Court Opinions: Colorado Court of Appeals Opinions for Nov. 2

Editor’s Note: Law Week Colorado edits court opinion summaries for style and, when necessary, length.

Colorado Sun v. Brubaker


This case involves a dispute under the Colorado Open Records Act. The Colorado Sun and 9News requested records under CORA from Amanda Brubaker, the records custodian for the Colorado Department of Human Services, showing the total number of child abuse reports received over a three-year period from certain residential childcare facilities in Colorado. DHS denied the requests, citing a provision of the Colorado Children’s Code that prohibits disclosure, subject to statutorily enumerated exceptions, of child abuse reports as well as “the name and address of any child, family, or informant or any other identifying information contained in such reports.” According to DHS, disclosure of the aggregated information would necessarily reveal the address of a child or informant contained in a child abuse report, as the requests were linked to specific addresses — the address of each residential care facility.

On judicial review of DHS’s denial, the district court entered judgment in favor of DHS, and the media organizations appealed.

The appeals court needed to determine whether section 19-1-307(1)(a) of the state’s revised statutes prohibits, under all circumstances, the disclosure of any address contained in a child abuse report or whether the statute prohibits disclosure of an address only when the address constitutes “identifying information” — information that could lead to the identification of a particular child, family or informant.

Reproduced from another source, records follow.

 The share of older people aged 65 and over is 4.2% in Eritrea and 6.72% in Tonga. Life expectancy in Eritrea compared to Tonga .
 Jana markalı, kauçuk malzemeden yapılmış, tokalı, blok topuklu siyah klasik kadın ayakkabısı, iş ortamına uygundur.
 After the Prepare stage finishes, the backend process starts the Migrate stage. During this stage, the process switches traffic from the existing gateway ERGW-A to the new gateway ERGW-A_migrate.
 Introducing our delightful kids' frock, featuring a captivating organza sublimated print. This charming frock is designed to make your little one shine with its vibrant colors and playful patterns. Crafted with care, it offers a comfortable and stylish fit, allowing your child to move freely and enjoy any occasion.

The Colorado Court of Appeals concluded the statute is ambiguous. To break the impasse, it turned to the legislative history of section 19-1-307(1)(a) and the possible consequences of adopting either construction. In its view, the evolution of the statutory provision at issue demonstrates the General Assembly intended to keep confidential only information that could reveal a person’s or family’s identity, and the possible consequences of adopting either interpretation reinforces this conclusion. The appeals court adopted the media organizations’ interpretation of the statute.

As a result, the Court of Appeals reversed the district court’s judgment and remanded the case for further proceedings.

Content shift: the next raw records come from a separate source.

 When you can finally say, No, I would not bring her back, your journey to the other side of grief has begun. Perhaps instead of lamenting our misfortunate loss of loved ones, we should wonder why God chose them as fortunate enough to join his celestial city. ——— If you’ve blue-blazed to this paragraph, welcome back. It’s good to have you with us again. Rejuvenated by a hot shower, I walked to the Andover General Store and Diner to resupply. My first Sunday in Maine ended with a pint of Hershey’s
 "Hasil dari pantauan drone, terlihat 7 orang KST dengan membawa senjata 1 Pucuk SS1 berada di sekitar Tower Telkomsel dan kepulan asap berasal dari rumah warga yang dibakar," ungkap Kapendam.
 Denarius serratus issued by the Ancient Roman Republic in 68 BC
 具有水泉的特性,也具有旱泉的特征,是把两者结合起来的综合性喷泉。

On remand, the district court must determine whether, in light of the opinion, the requested records would disclose “identifying information” of a child, family or informant associated with a child abuse or neglect report.

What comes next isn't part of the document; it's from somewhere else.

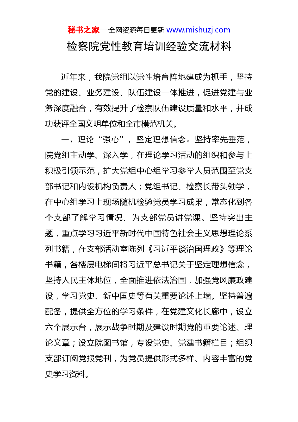 秘书之家—全网资源每日更新www.mishuzj.com检察院党性教育培训经验交流材料近年来,我院党组以党性培育阵地建成为抓手,坚持党的建设、业务建设、队伍建设一体推进,促进党建与业务深度融合,有效提升了检察队伍建设质量和水平,并成功获评全国文明单位和全市模范机关。一、理论“强心”,坚定理想信念。坚持率先垂范,院党组主动学、深入学,在理论学习活动的组织和参与上积极引领示范,扩大党组中心组学习参学人员范围至党支部书记和内设机构负责人;党组书记、检察长带头领学,在中心组学习上现场随机检验党员学习成果,常态化到各个支部了解学习情况、为支部党员讲党课。坚持突出主题,重点学习习近平新时代中国特色社会主义思想理论系列书籍,在支部活动室陈列《习近平谈治国理政》等理论书籍,各楼层电梯间将习近平总书记关于坚定理想信念,坚持人民主体地位,全面推进依法治国,加强党风廉政建设,学习党史、新中国史等有关重要论述上墙。坚持普遍配备,提供全方位的学习条件,在党建文化长廊中,设立六个展示台,展示战争时期及建设时期党的重要论述、理论文章;设立院图书馆,专设党史、党建书籍栏目;组织支部订阅党报党刊,为党员提供形式多样、内容丰富的党史学习资料。秘书之家—全网资源每日更新www.mishuzj.com二、红色“凝心”,浓厚党建氛围。建设“红色阵地”,严格按照“支部五化”要求,打造9个高质量、高标准的党员活动室,为党员提供环境好、氛围浓的学习阵地;建成的检察文苑中特设院史陈列馆,展示中国检察、党政关怀、机构沿革、履职长河等九个篇章,时刻提醒检察人员不忘司法初心、牢记检察使命。传唱“红色歌曲”,精选革命歌曲及红色歌曲,在工作日早、中午定时播放,将革命精神和红色基因融入歌曲进行传播,有效提高干警的认同感和接受度,干警们乐于传唱红色歌曲,在平时的工作中亦会时常哼唱红色歌曲,在潜移默化中达到熏陶效果。打造“红色文化”,建设“不忘初心、牢记使命”文化石、社会主义核心价值观宣传牌、检察文化浮雕墙;建设党建文化长廊、检察文苑,展示建党百年以来,中国共产党带领中国人民从站起来到富起来,最终强起来的光辉历程,提醒检察人员吃水不忘挖井人,珍惜当下得来不易的和平稳定。2021年6月,最高人民检察院检察长张军同志前来调研指导,对市院党建氛围给予高度评价。三、交流“齐心”,强化队建意识。通过外出交流,组织支部书记、青年干警等多次前往省内先进示范地区检察院进行考察学习,鼓励全院干警积极参与党性培育阵地设计,设计人员覆盖面广,包括市院检察长、副检察长、机关党委委员、支部书记、委员及青年干警代表等,全院秘书之家—全网资源每日更新www.mishuzj.com党员在一次次阵地建设过程中,通过沟通协作形成了工作默契,机关整体凝聚力、向心力得到了有效提升。通过新老互动,为完成检察史部分展示内容,共组建了52人的团队,其中包括返聘的11名离退休同志,专门负责整理、编撰1988-2015年间的检察志。团队对此前留存的上千份文件资料进行考据、整理,历经一年时间,撰写出96.3万字的检察志,为院史陈列馆提供了全面又精确的展示素材。通过对标楷模,自觉学习党建阵地中古往今来名人志士生平故事,以榜样的力量激励检察人员向楷模看齐,激发全体检察人员工作干劲,在党务工作者岗位和各个业务岗位上,还涌现出了一批优秀人才,让检察人员看到中华民族精神在一代代人身上的传承,积极投身于社会主义现代化强国建设。

Judge Neeti Pawar dissented.

“According to the majority, section 19-1-307(1)(a), C.R.S. 2023, is ambiguous because there are two reasonable ways to read it. I think there is only one,” wrote Pawar. “In my view, the only reasonable reading is that names and addresses in child abuse reports are always confidential and protected from disclosure. I would therefore affirm the district court’s ruling based on the plain language of the statute without resorting to additional aids of statutory interpretation.”

People v. Salazar

Adrian Salazar appealed his conviction of several offenses based on his sexual abuse of two children. Among other offenses, he was convicted of multiple counts of sexual assault on a child by one in a position of trust. On appeal, Salazar contended the trial court’s jury instructions were erroneous because they failed to apply the culpable mental state of this offense to the element he occupied a position of trust with respect to the children. 

The Colorado Court of Appeals disagreed and held the culpable mental state doesn’t apply to the position of trust element. Because the appeals court rejected Salazar’s other challenges to the judgment, it affirmed.

After evaluation, the appeals court also concluded the prosecutor’s conduct “[didn’t] warrant the drastic remedy of reversal under the plain error standard.”

Rudnicki v. Bianco

Peter Bianco appealed the district court’s entry of judgment on the jury’s award of damages for pre-majority medical expenses to Alexander Rudnicki. Bianco contended the court erred by awarding prefiling, prejudgment interest on those damages from the date Rudnicki was born (the date of injury) rather than the date the Colorado Supreme Court determined he was entitled to recover such expenses in Rudnicki v. Bianco; and resulting in a total award in excess of the $1 million damages limitation under the Health Care Availability Act in section 13-64-302(1)(b) of the state’s revised statutes.

Bianco contended because Rudnicki wasn’t entitled to recover his pre-majority medical expenses as a measure of damages until Rudnicki abolished the common law rule precluding such recovery, interest should accrue from the date of the Colorado Supreme Court’s ruling rather than from the date of Rudnicki’s birth. 

Based on the plain language of sections 13-21-101(1) and 13-80-108(1), the Colorado Court of Appeals concluded Rudnicki is entitled to collect prefiling, prejudgment interest on his pre-majority medical expenses from the date his cause of action accrued, which was the date of his birth.

According to the opinion, the appeals court generally agreed with the rationale of Scholle v. Ehrichs, which held “prefiling, prejudgment interest is part of ‘damages’ capped under the HCAA, subject to being uncapped upon a showing of good cause and unfairness.” Prefiling, prejudgment interest on Rudnicki’s pre-majority medical expenses is a part of his past and future economic damages. The district court found the requisite good cause and unfairness to award past and future economic damages exceeding the HCAA damages limitation. 

The appeals court concluded Rudnicki was entitled to prefiling, prejudgment interest on his pre-majority medical expenses from the date of his birth, without limitation.